_______               __                   _______
       |   |   |.---.-..----.|  |--..-----..----. |    |  |.-----..--.--.--..-----.
       |       ||  _  ||  __||    < |  -__||   _| |       ||  -__||  |  |  ||__ --|
       |___|___||___._||____||__|__||_____||__|   |__|____||_____||________||_____|
                                                             on Gopher (inofficial)
   URI Visit Hacker News on the Web
       
       
       COMMENT PAGE FOR:
   URI   Paper Tape Is All You Need – Training a Transformer on a 1976 Minicomputer
       
       
        tcdent wrote 3 hours 39 min ago:
        5.5 min to train on a PDP/11 you mean to tell me we could have been
        doing this all along???
       
          rahen wrote 3 hours 24 min ago:
          Yes. The Cray supercomputers from the 80s were crazy good matmul
          machines in particular. The quad-CPU Cray X-MP (1984) could sustain
          800 MFLOPS to 1 GFLOPS, and with a 1 GB SSD, had enough computer
          power and bandwidth to train a 7-10M-parameter language model in
          about six months, and infer at 18-25 tok/sec.
          
          A mid-90s Cray T3E could have handled GPT-2 124M, 24 years before
          OpenAI.
          
          I also had a punch-card computer from 1965 learn XOR with
          backpropagation.
          
          The hardware was never the bottleneck, the ideas were.
       
        mkagenius wrote 4 hours 13 min ago:
        I had the exact same idea but for AI agent harnesses.
        
        I even created an app to explain it - [1] (deleted the app as got no
        traction whatsoever)
        
        Idea was that, the ai models like opus 4.6 and codex 5.4 have become so
        good at trying new ways to attack a problem, that even just Bash() tool
        is enough.
        
        Continuing the idea, infact even File() operations are enough.
        
        Again continuing the same line of thought, even just a Tape is enough.
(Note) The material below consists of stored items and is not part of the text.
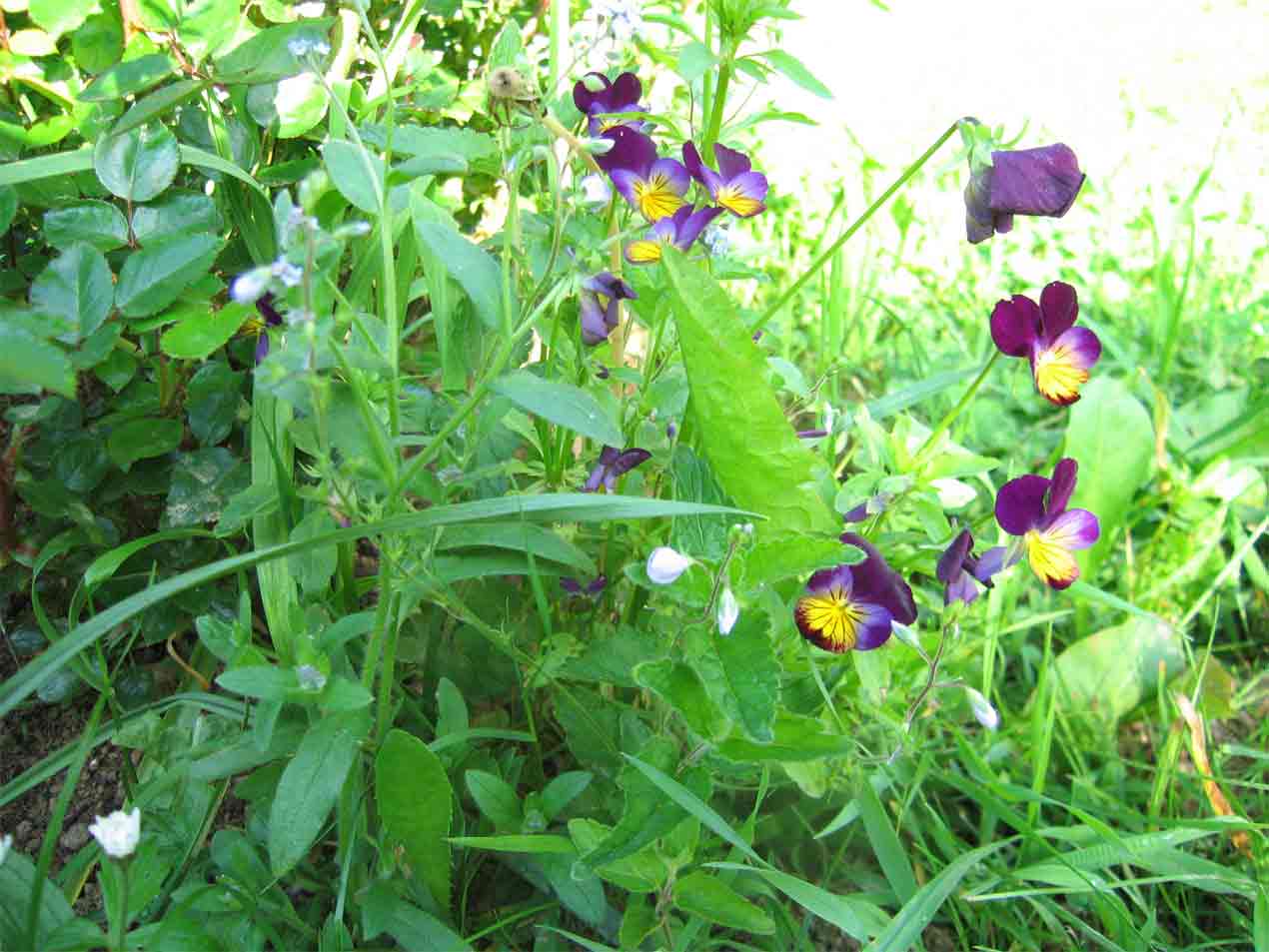 Etliche andere stehen einfach in der Wiese, da dürfen Wildblumen wie Ehrenpreis, Schafgarbe, Glockenblumen, Frauenmantel, Stiefmütterchen etc. bis an die Scheibe wachsen. Das gibt oft hübsche Überrasschungen
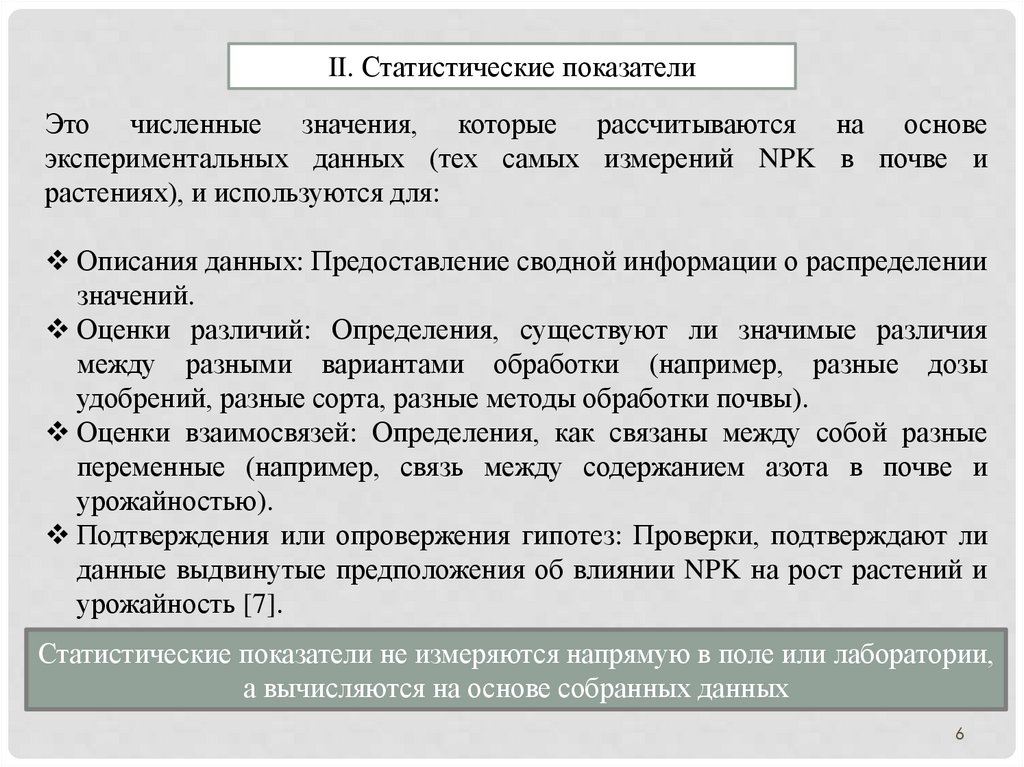 II. Статистические показателиЭто численные значения, которые рассчитываются на основе
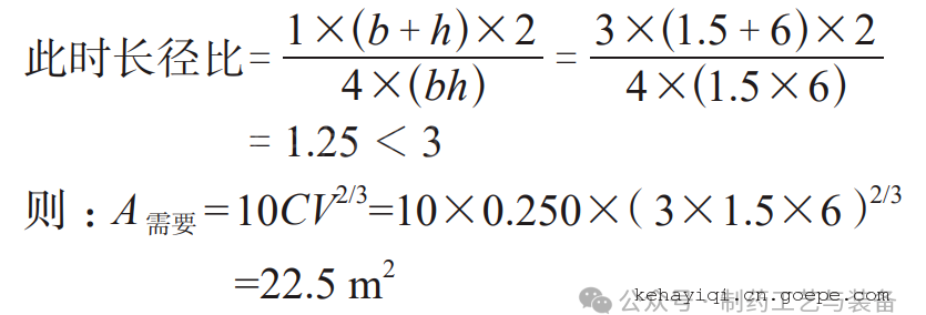 实验室的建筑定性一般为公共建筑或丙类厂房。为了兼顾运输需要和管路敷设,气源站一般设在建筑物首层靠外墙的房间处或室外,以尽量满足通风、泄爆要求。JGJ 91—2019 《科研建筑设计标准》对此做了适当放宽,日用量不到一瓶的气体,可以在有安全防护设施(如带排风的气瓶柜等)时放置一瓶在室内。一般来说,气瓶间适宜做成半敞开式的,以便进行自然通风措施,但要同时考虑避免太阳直晒的措施,例如布置在建筑背阴面或设置百叶。如果无法满足自然通风条件,则应有至少 3次 / 小时的机械通风,对于可燃气体,通风次数应达到 6次 / 小时,并考虑 12次 / 小时的事故排风。对于多种类别气体同时存在的情况,应按气体的火灾危险性和毒性进行类别判定,并综合考虑化学反应可能性、法规要求的管控级别等各种因素进行布置。一般来说,可以按照易燃性气体、毒性 / 腐蚀性气体、氧化性 / 惰性气体、剧毒性气体进行区分布置。根据 GB 50016—2014 (2018 年版)《建筑设计防火规范》,爆炸下限小于 10% 的气体属于甲类物质,氢气、甲烷、乙烷、乙炔等都在其列。对于甲类气体钢瓶间,为了不影响建筑定性,当层的甲类区面积需不超过本层建筑面积的 5%,同时需要满足泄爆面积计算[1]。某设计实例中,整体建筑定性为丙类厂房,首层靠外墙处设了一个 3m 宽,1.5m 深的钢瓶间,此深度满足钢瓶摆放和操作检修空间需求。首层层高 6m,梁高 1m。则可获得的*大泄爆面积为 :

        Given enough time, codex and opus will achieve your target.
        
   URI  [1]: https://news.ycombinator.com/item?id=47381803
       
        ashwinnair99 wrote 6 hours 52 min ago:
        The fact that it is possible at all says more about how simple
        transformers actually are underneath than it does about the hardware.
       
        kmoser wrote 10 hours 7 min ago:
        > I don't have an actual paper tape reader, so the object code is
        directly deposited in memory through the console.
        
        So, really, a Turing Machine is all you need?
       
          thyrsus wrote 8 hours 9 min ago:
          I dealt with physical paper tape on only three or four occasions in
          the early 1980's, each time terrified of a jam or tear.  It seems in
          this case it's a read-once operation, which is plausible.  Read-many,
          not so much.  Punch cards are orders of magnitude more reliable.
       
        kristopolous wrote 10 hours 14 min ago:
        I like how the author's "modern" machine to connect to it is still 20
        years old.
        
        With a concave trackpoint, respect.
        
        BTW, I nag Framework at every conference I go to that people want this
        shell and keyboard. It's been years. I think it's time to go through
        the effort to figure out how to do the production run of the case
        myself. Framework actually wants people to do things like this but you
        know, manufacturing is hard. Anyone wanna help?
       
        rahen wrote 11 hours 10 min ago:
        Thanks for reposting! I'm the author of ATTN-11. Happy to answer any
        questions about the fixed-point arithmetic, the PDP-11 hardware, or the
        training process.
       
          McGlockenshire wrote 7 hours 22 min ago:
          Thank you for the inspiration, I now have a practical-impractical
          assembly project for my TI TMS99105A homebrew! The 64k barrier is a
          real pain.
       
            rahen wrote 6 hours 33 min ago:
            I also have a working design for a small Transformer on the
            original Game Boy. It has around 4000 parameters fitting in the 8
            KB cartridge SRAM, where the "saved game" is the trained model. A
            TI-82 with its 32 KB of RAM would be even more comfortable.
       
          dare944 wrote 9 hours 35 min ago:
          Fun stuff! At one point I wondered about building something similar.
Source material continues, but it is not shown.